Copy out the listing below exactly, please, and skip any pictures.
Source material section start
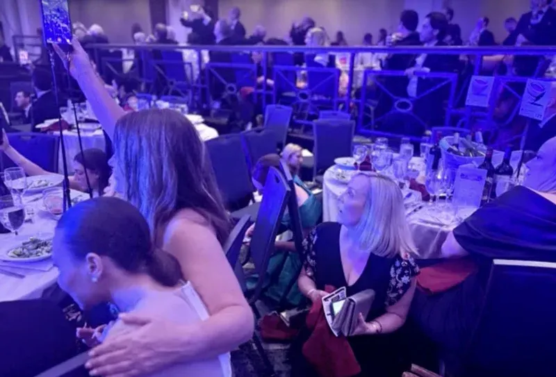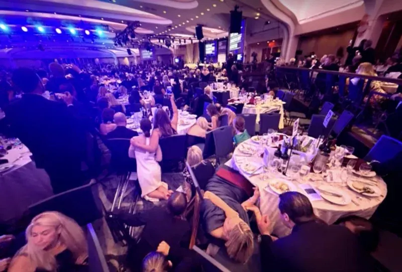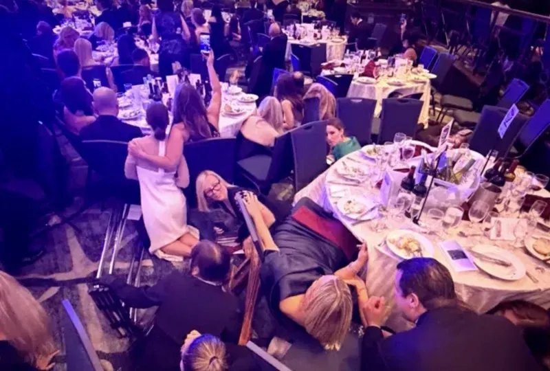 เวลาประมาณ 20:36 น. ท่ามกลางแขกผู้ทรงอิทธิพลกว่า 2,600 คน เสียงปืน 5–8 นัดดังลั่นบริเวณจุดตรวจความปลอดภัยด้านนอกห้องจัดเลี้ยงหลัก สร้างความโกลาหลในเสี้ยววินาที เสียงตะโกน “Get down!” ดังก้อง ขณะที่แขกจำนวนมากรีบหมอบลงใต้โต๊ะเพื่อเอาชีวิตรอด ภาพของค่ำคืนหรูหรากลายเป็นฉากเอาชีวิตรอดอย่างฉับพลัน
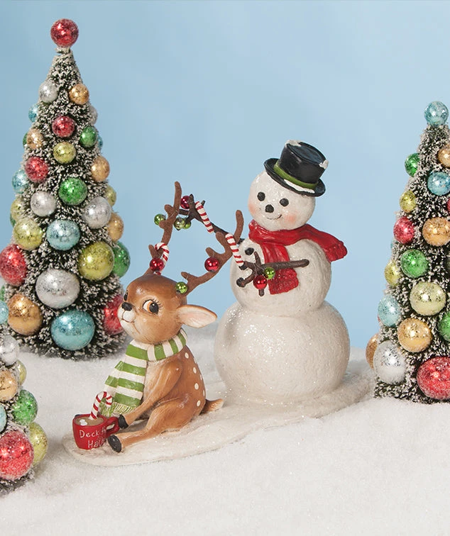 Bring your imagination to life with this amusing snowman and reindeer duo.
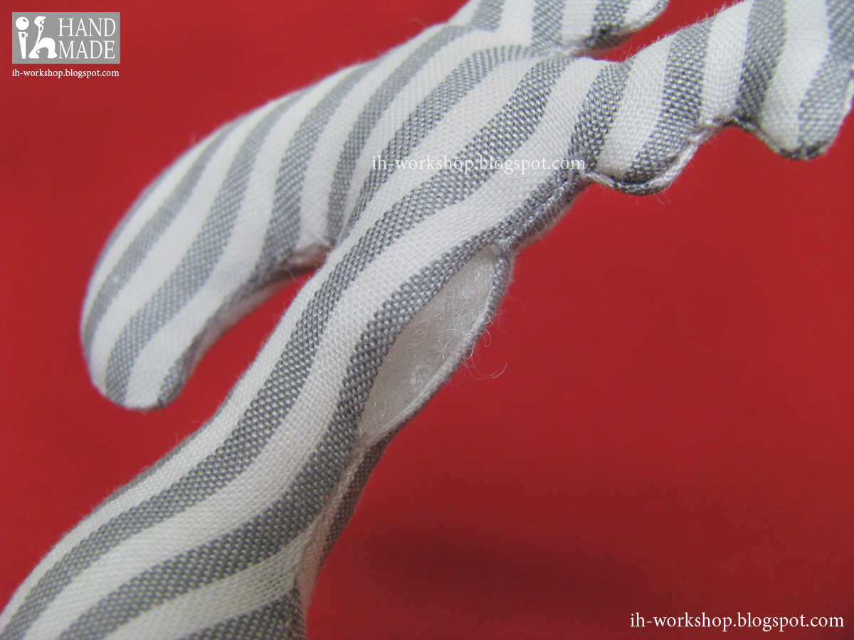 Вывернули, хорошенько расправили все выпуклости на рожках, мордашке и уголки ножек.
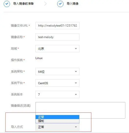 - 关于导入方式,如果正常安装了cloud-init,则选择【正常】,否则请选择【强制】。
Source material section end
[Result for this task]:
 เวลาประมาณ 20:36 น. ท่ามกลางแขกผู้ทรงอิทธิพลกว่า 2,600 คน เสียงปืน 5–8 นัดดังลั่นบริเวณจุดตรวจความปลอดภัยด้านนอกห้องจัดเลี้ยงหลัก สร้างความโกลาหลในเสี้ยววินาที เสียงตะโกน “Get down!” ดังก้อง ขณะที่แขกจำนวนมากรีบหมอบลงใต้โต๊ะเพื่อเอาชีวิตรอด ภาพของค่ำคืนหรูหรากลายเป็นฉากเอาชีวิตรอดอย่างฉับพลัน
 Bring your imagination to life with this amusing snowman and reindeer duo.
 Вывернули, хорошенько расправили все выпуклости на рожках, мордашке и уголки ножек.
 - 关于导入方式,如果正常安装了cloud-init,则选择【正常】,否则请选择【强制】。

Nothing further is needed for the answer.